# Your Tax Dollars On Drugs



## LdyLunatic (Apr 16, 2006)

USA -- The government's war on marijuana users has done real harm to our nation while chewing up billions of dollars every year. 

Americans' annual day of reckoning with the IRS on April 15 is a good time to consider where our money is going -- and where it's being wasted. With the federal budget deficit ratcheting past $400 billion per year and the White House and Congress looking at cutting spending for Medicare, education and the Centers for Disease Control and Prevention, there is no excuse for squandering billions of dollars on programs that don't work. 

No. 1 on the failure list is our government's war on marijuana users. This war has not only failed to curb marijuana use and availability, but it has done real harm to our nation while chewing up billions of dollars every year. 

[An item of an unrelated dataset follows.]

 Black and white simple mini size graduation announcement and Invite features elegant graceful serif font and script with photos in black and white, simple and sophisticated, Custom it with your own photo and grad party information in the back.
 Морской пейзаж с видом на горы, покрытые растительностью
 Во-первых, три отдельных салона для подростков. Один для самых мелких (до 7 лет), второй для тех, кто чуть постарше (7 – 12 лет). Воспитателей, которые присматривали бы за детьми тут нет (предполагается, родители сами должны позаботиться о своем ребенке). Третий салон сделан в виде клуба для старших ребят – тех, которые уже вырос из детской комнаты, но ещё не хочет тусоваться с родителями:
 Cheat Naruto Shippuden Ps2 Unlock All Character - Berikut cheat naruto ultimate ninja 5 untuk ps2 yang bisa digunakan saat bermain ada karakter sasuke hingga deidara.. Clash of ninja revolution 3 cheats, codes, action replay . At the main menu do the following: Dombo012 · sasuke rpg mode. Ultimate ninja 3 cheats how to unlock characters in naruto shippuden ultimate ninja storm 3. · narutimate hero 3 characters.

How many billions? Last year, Harvard economist Jeffrey Miron estimated that the federal government spends about $2.4 billion annually on enforcing anti-marijuana laws, which is on top of about $5.3 billion that local and state governments spend annually. Under prohibition, we also forgo the roughly $6.2 billion in tax revenues that Prof. Miron says would be generated if marijuana were regulated and taxed like alcohol and tobacco. 

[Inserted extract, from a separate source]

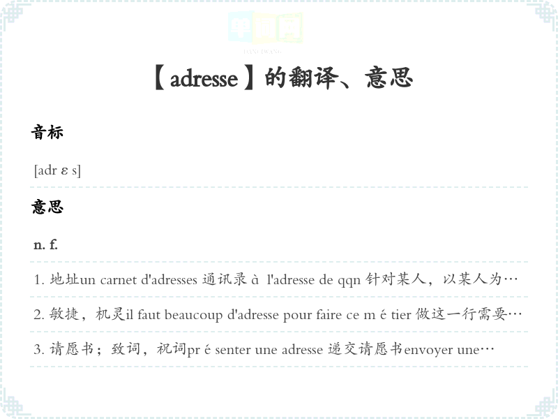 地址un carnet d'adresses 通讯录à l'adresse de qqn 针对某人,以某人为目标Je vais noter ton adresse 我要记下你的地址Adresse électronique 电子邮件地址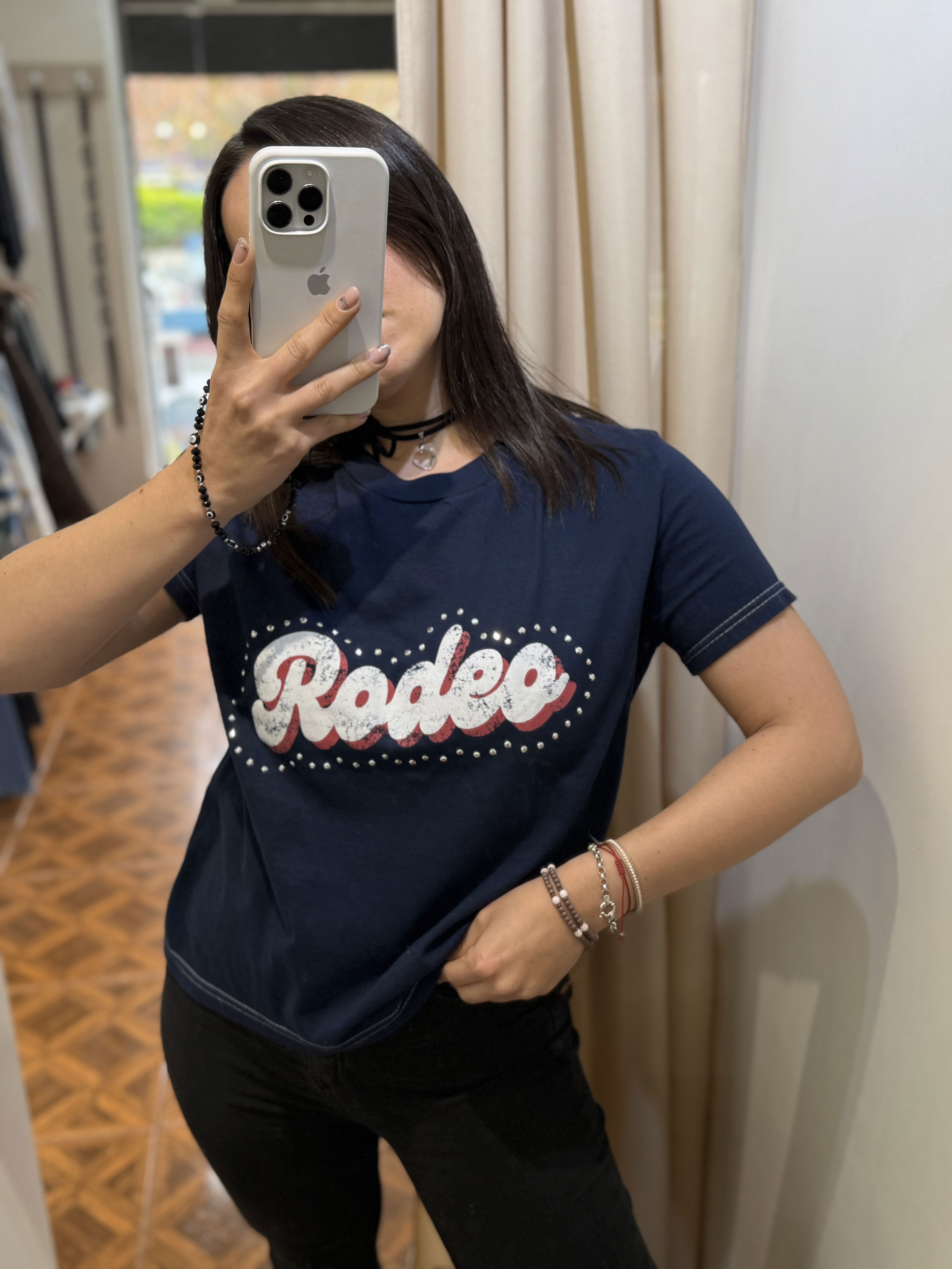 Remera Manga corta, algodón con estampa en el frente y strass.

But that's only part of the cost of marijuana prohibition. The federal government has spent over $1 billion since 1998 on TV, radio and print anti-drug ads that have focused overwhelmingly on marijuana, often neglecting far more dangerous drugs like methamphetamine. And the government spends millions of additional dollars conducting and publicizing research that's designed to justify marijuana prohibition -- and an unknown amount campaigning against state and local efforts to reform marijuana laws. 

The goal of all this is to choke off the marijuana supply and put a stop to marijuana use. Are we getting our money's worth? 

In a word, no. 

According to the U.S. Justice Department's 2006 National Drug Threat Assessment report, "Marijuana availability is high and stable or increasing slightly." In another recent federal government survey, 86 percent of high school seniors said that marijuana was "easy to get" -- a figure that has remained virtually constant since 1975. 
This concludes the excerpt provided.